1. Request access for stat1002 (https://wikitech.wikimedia.org/wiki/Requesting_shell_access) Most of you have already done this, and are in the pipeline to get access. Feel free to reach out if there's any trouble in this process.

2. Set up your ssh config (https://wikitech.wikimedia.org/wiki/SSH_access)

Add/update your ~/.ssh/config file. It should look something like this: 

## Use bastion-eqiad.wmflabs.org as proxy to labs
Host bastlabs
HostName bastion-eqiad.wmflabs.org
User madhuvishy
 
Host *.eqiad.wmflabs !bastion-eqiad.wmflabs.org
User madhuvishy
IdentityFile ~/.ssh/id_rsa
ProxyCommand ssh -a -W %h:%p bastlabs
 
## Prod
Host bastprod
HostName bast1001.wikimedia.org
User madhuvishy
 
Host *.eqiad.wmnet *.wikimedia.org !bast1001.wikimedia.org
User madhuvishy
IdentityFile ~/.ssh/id_rsa_prod
ProxyCommand ssh -a -W %h:%p bastprod
 
Host bast1001.wikimedia.org
User madhuvishy
IdentityFile ~/.ssh/id_rsa_prod

The User value should be your labs/prod username accordingly.  

3. Add keys to the ssh-agent.

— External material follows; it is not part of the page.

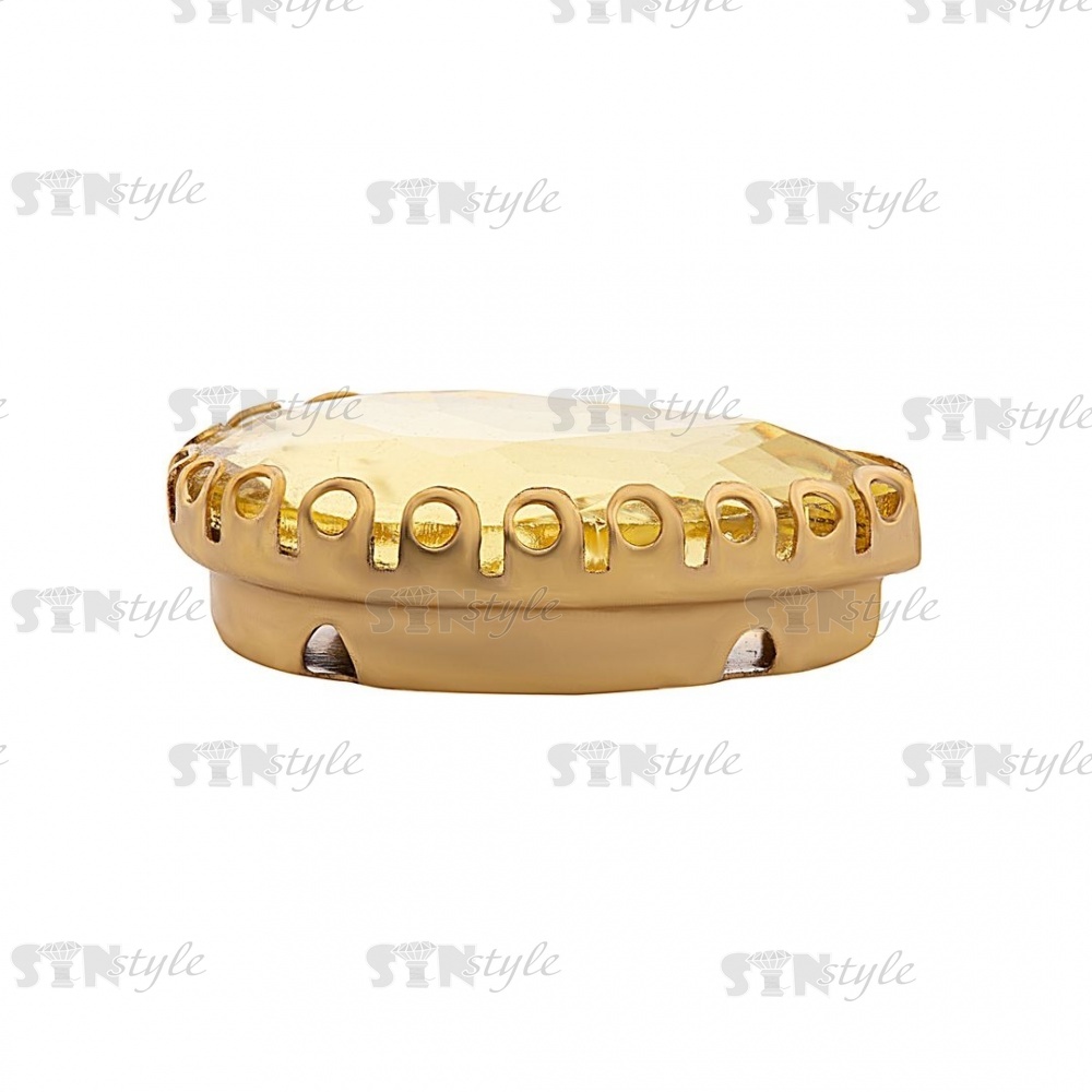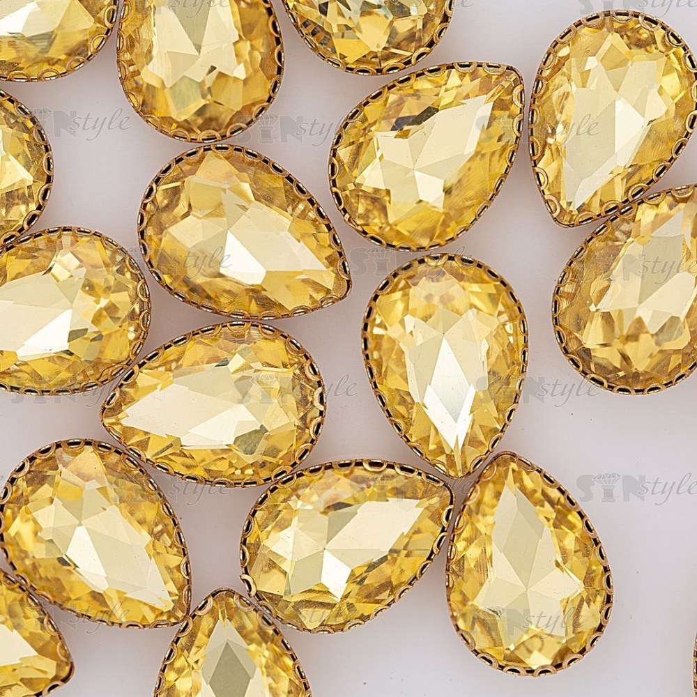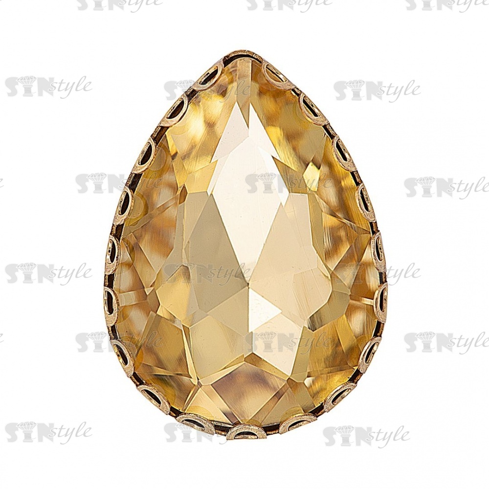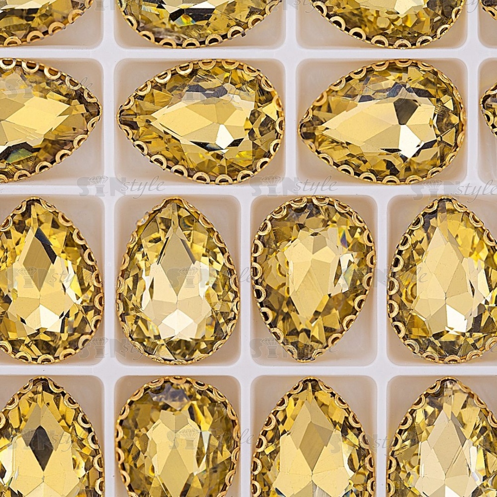 Стразы пришивные стеклянные в оправе, форма капля, цвет золото+шампань, размер 10х14 мм

On the terminal, something like: ssh-add ~/.ssh/id_rsa ssh-add ~/.ssh/id_rsa_prod

4. If your access has been granted, and ssh config is all good, you should be able to get into stat1002 from the terminal, like this: ssh stat1002.eqiad.wmnet

It will prompt to confirm the RSA fingerprint, and when you say yes, log you in to the server.

You can quit the session by typing exit.

HTTP Access

Access to HTTP GUIs in the Analytics Cluster is currently very restricted. You must have shell accounts on analytics nodes. You must use a SOCKS proxy or ssh tunnels to access to HTTP services.

At the very minimum, you must have a shell account on the primary NameNode (analytics1001). HDFS uses POSIX accounts on the NameNode (analytics1001) for granting access to files.

Hue (Hadoop User Experience) GUI is available at https://hue.wikimedia.org. Log in using your shell username and your LDAP credentials. If you already have cluster access, but can't log into Hue, it is likely that your LDAP account needs to be manually synced. Ask ottomata (aotto@wikimedia.org) for help.

sshuttle

sshuttle is a 'Transparent proxy server that works as a poor man's VPN. Forwards over ssh. Doesn't require admin. Works with Linux and MacOS. Supports DNS tunneling.'. You can use this to proxy traffic through a bastion host to the cluster.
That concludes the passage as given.